Thank you for this comment. We fully agree with you that previous text about vitamin D was unclear. The following sentences have now been added, in accordance with your request (page 7, line 306):

“Vitamin D is a fat-soluble prohormone whose active form, 1,25-hydroxyvitamin D (1,25(OH)2D), is produced after hydroxylation in the liver and kidney [82]. Only about 10-20% of vitamin D requirements derive from diet, since about 80-90% are covered from the photosynthesis in the skin by the action of UV-B radiation [83]. The skin is not only the site of vitamin D synthesis, but also a target tissue for biologically active metabolites of vitamin D [84]. The 1,25(OH)2D binds to the nuclear vitamin D receptors (VDR), which are present in most tissues and cells in the body, including keratinocytes and melanocytes [85]. Besides maintaining serum calcium and phosphorus homeostasis, it plays a role in modulating the immune, cardiovascular, and inflammatory systems, as well as in participating in the regulation of cell proliferation, differentiation, and apoptosis [82]. The bio-logical anti-cancer effects of 1,25(OH)2D include the induction of cell-cycle arrest, stimulation of apoptosis and inhibition of angiogenesis and metastasis [86]. Indeed, the interpretation of vitamin D effects on the risk of skin cancer is complex because the exposure to UV radiation is both the most important source of vitamin D production with its potential anticancer properties and an environmental risk factor implicated in skin carcinogenesis [87] through the formation of cyclobutane pyrimidine dimers bringing DNA replication-dependent mutagenicity [88] and by the production of reactive oxygen species (ROS), leading to premature skin aging and lipid peroxidation [89]”.

 

5.Also in the discussion of the role of vitamin D, the authors state that the primary effect of UV on risk for melanoma is the generation of reactive oxygen species (ROS).
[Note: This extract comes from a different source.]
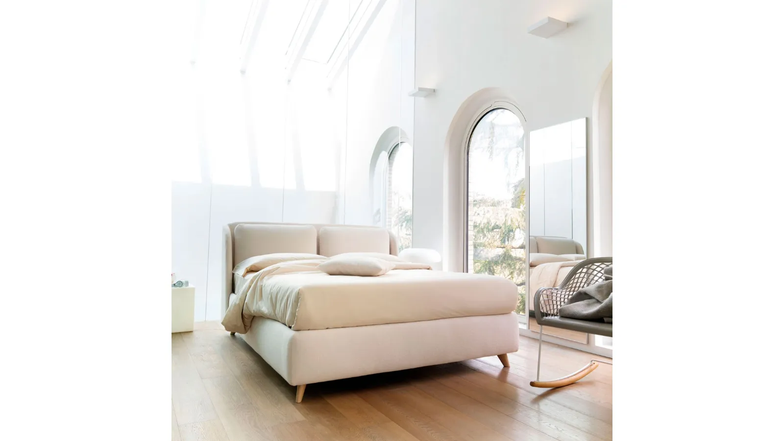Fabric bed with Hello headboard by Noctis: a rich range of upholstered double beds awaits you

This is not consistent with copious amounts of experimental data from humans tumors and model systems. The direct absorption of UV photons by DNA result in formation of cyclobutane pyrimidine dimers, which if not repaired properly, result in C>T mutations, which are found in abundance in both melanomas and non-melanoma skin cancers.

We agree with the reviewer that the mechanisms leading to DNA damage and UV-mediated tumorigenesis are not only related to the development of ROS, but mainly rely on the formations of pyrimidine dimers. This has been added on page 8 (line 322).

 

6.The discussion of vitamin E and its potential role in melanoma prevention does not mention the increased risk of prostate cancer in men found in a randomized placebo controlled Phase III clinical trial.

According to your request, we have now mentioned this randomized controlled trial (page 9, line 380).

 

7.Recommendations in the conclusion section are not founded on proper evidence. For example, the authors recommend high coffee intake for melanoma prevention based on observational studies. There is no comment on whether these studies were controlled for risk factors for melanoma. Recommendations for prevention should be based on well-designed placebo controlled clinical trials.

We fully agree with your suggestion and have now commented about the limitations of the available evidence. The conclusion section has been greatly curtailed (pages 10 and 11, from line 463).

 

8.Also in the conclusion section the authors state that different dietary agents affect melanoma at various stages. They do not define these stages, nor do they describe the experimental evidence for their claims that diet has an influence on the natural history of melanoma by any specific mechanism. Their conclusions are not supported by the data presented.

The conclusions have been re-written in order to be in line with the available evidence (pages 10 and 11, from line 463). Previous statements which were not supported by experimental evidence have been removed. Thank you.

 

Minor points

There are numerous language and typographical errors throughout the manuscript.

The text has been carefully checked for language and typographical errors. Many parts have been reformulated or corrected. Thank you.

Author Response File: Author Response.docx

Round 2

Reviewer 2 Report

The authors have made a significant effort to address the points raised in the review and they have greatly improved the manuscript.